Looks like another multi-billion dollar corporation has succeeded in bilking millions more of our tax dollars, courtesy of the North Carolina General Assembly.
Senate Bill 575 (Hoyle D – Gaston), aka the Apple bill, would establish a different tax liability formula for eligible companies. The eligibility requirements are so specific, however, that it has become readily apparent the legislation is designed to lure Apple Computers to open a server farm in Caldwell County.
A close examination of the legislation shows the new tax formula would apply to at least three companies that already exist in North Carolina. So even if Apple doesn’t open its location in North Carolina, the new law would cause a decline in state corporate tax revenue of roughly $1.5 million annually.

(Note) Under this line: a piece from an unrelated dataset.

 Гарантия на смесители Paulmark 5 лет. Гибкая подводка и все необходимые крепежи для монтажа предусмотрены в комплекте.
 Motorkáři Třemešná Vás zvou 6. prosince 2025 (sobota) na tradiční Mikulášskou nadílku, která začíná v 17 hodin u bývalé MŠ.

Should Apple decide to build its new facility in North Carolina, there are no current estimates as to how sizeable the tax break would be. But one has to question the practice of targeted tax breaks to global giants while state budget makers contemplate broad-based, and regressive, tax hikes.

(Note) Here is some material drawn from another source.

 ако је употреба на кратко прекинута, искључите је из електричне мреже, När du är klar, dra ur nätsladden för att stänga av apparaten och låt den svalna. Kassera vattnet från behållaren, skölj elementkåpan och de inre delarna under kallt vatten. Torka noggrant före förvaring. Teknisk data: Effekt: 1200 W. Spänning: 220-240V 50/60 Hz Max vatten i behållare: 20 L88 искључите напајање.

Furthermore, the notion that such tax credits will “create jobs” is completely unfounded. The capital and resources sunk into the Apple facility will not be available for other companies to expand or engage in new entrepreneurial ventures. It is these jobs that will never be created that offset the Apple jobs “created.”
Regrettably, state lawmakers continue to punish average taxpayers to benefit politically connected corporations, all in pursuit of a misplaced understanding of “job creation.” The practice of targeted tax breaks creates an uneven playing field for North Carolina businesses, and perpetuates an easily corruptible cozy relationship between big business and powerful politicians. For all of these reasons, SB 575 is this week’s Bad Bill of the Week.